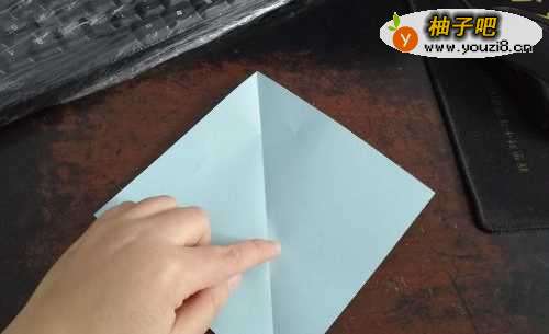 3把下侧的角向上折,然后再把彩纸从中间对折,如图。
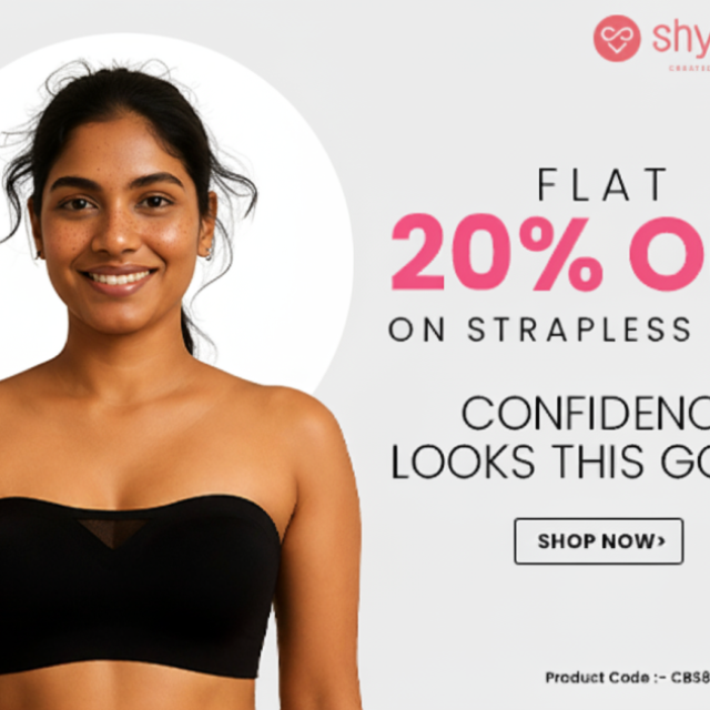 Flaunt your favorite outfits effortlessly with Shyaway’s strapless bras. Designed with strong grip, soft fabric, and perfect shape enhancement. Browse the latest strapless bra collection and save big with Flat 20% Off today!
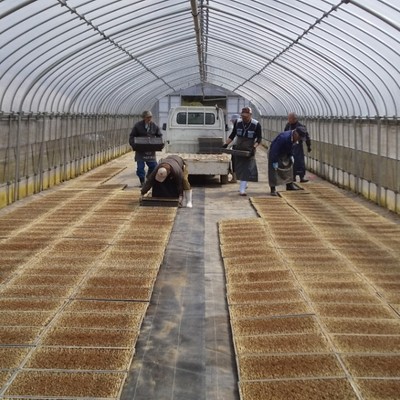 台車は10mほどの距離を運びます。また、3日後にはその台車を室(むろ)から出し、ハウスに苗箱を並べる作業も行います。
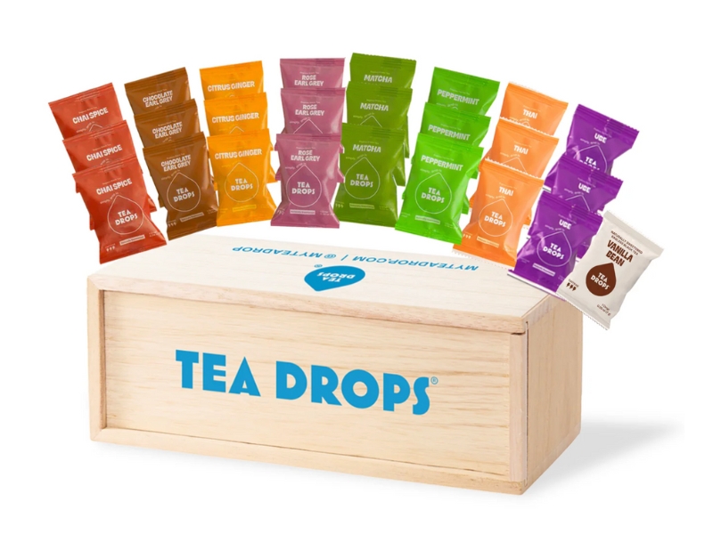 Each drop is individually wrapped and portioned, making it ideal for use at home, during office breaks, or on the go. Popular varieties include Matcha Green Tea, Chai Spice, Citrus Ginger, and Sweet Peppermint. Seasonal flavors like Pumpkin Spice and Cranberry Pie have also attracted a loyal following. Customers can buy single boxes, curated samplers, or build custom tea boxes on the brand's official website.
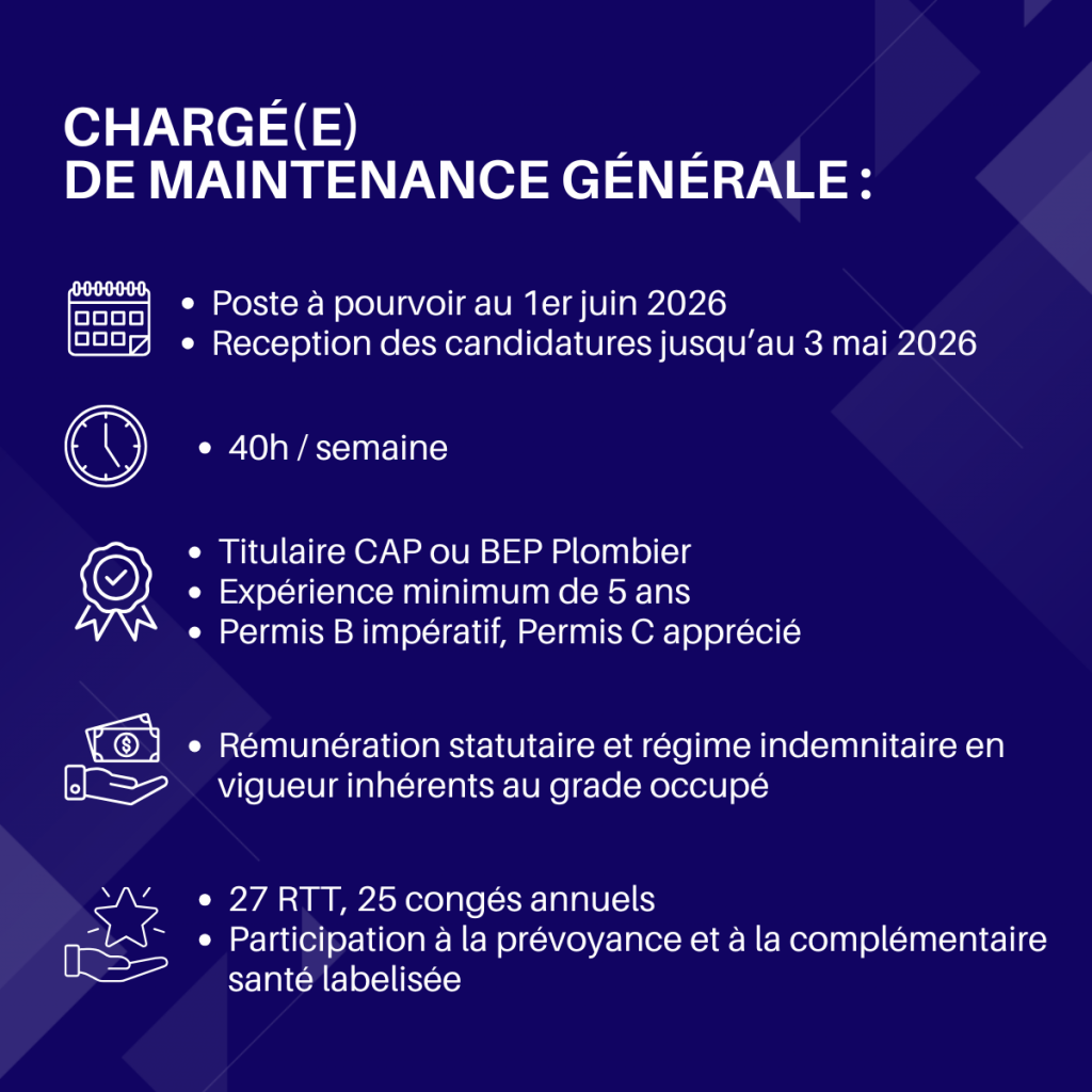 Ce poste, à pourvoir dès le 1er juin 2026, est ouvert aux grades à minima d’adjoint technique jusqu’au grade maximal de technicien de 1ère classe.

Task objective:
Can the entries above be repeated exactly, without their pictures?

Output of the exercise:
 3把下侧的角向上折,然后再把彩纸从中间对折,如图。
 Flaunt your favorite outfits effortlessly with Shyaway’s strapless bras. Designed with strong grip, soft fabric, and perfect shape enhancement. Browse the latest strapless bra collection and save big with Flat 20% Off today!
 台車は10mほどの距離を運びます。また、3日後にはその台車を室(むろ)から出し、ハウスに苗箱を並べる作業も行います。
 Each drop is individually wrapped and portioned, making it ideal for use at home, during office breaks, or on the go. Popular varieties include Matcha Green Tea, Chai Spice, Citrus Ginger, and Sweet Peppermint. Seasonal flavors like Pumpkin Spice and Cranberry Pie have also attracted a loyal following. Customers can buy single boxes, curated samplers, or build custom tea boxes on the brand's official website.
 Ce poste, à pourvoir dès le 1er juin 2026, est ouvert aux grades à minima d’adjoint technique jusqu’au grade maximal de technicien de 1ère classe.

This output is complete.